### Exercise prompt
Would you repeat each line below exactly, without the pictures?

### Given material
'''
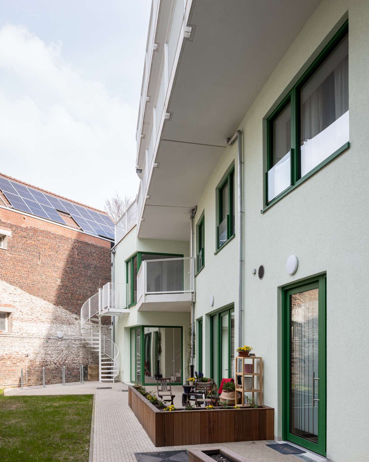 PT Architecten stelt voor om het perceel te herconfigureren in drie verschillende gebouwdelen waardoor er openingen ontstaan en er zonlicht kan schijnen in de gemeenschappelijke tuin. Deze worden bovendien ontmoetingsplaatsen voor de bewoners. Door middel van loopbruggen ontstaan er tussen de drie bouwprofielen terrassen in deze openingen.
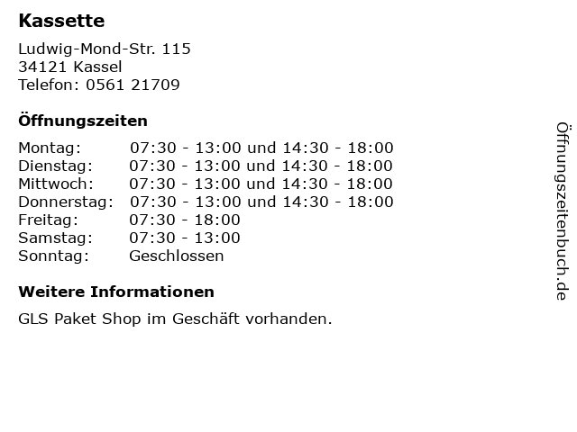 | Öffnungszeiten Kassette in Kassel anzeigen | |
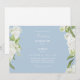 White Hydrangea Wedding Invitation. White typography. Modern Design and font. Elegant. Sky Blue. Horizontal. Elegant script.
'''
### Answer section
 PT Architecten stelt voor om het perceel te herconfigureren in drie verschillende gebouwdelen waardoor er openingen ontstaan en er zonlicht kan schijnen in de gemeenschappelijke tuin. Deze worden bovendien ontmoetingsplaatsen voor de bewoners. Door middel van loopbruggen ontstaan er tussen de drie bouwprofielen terrassen in deze openingen.
 | Öffnungszeiten Kassette in Kassel anzeigen | |
 White Hydrangea Wedding Invitation. White typography. Modern Design and font. Elegant. Sky Blue. Horizontal. Elegant script.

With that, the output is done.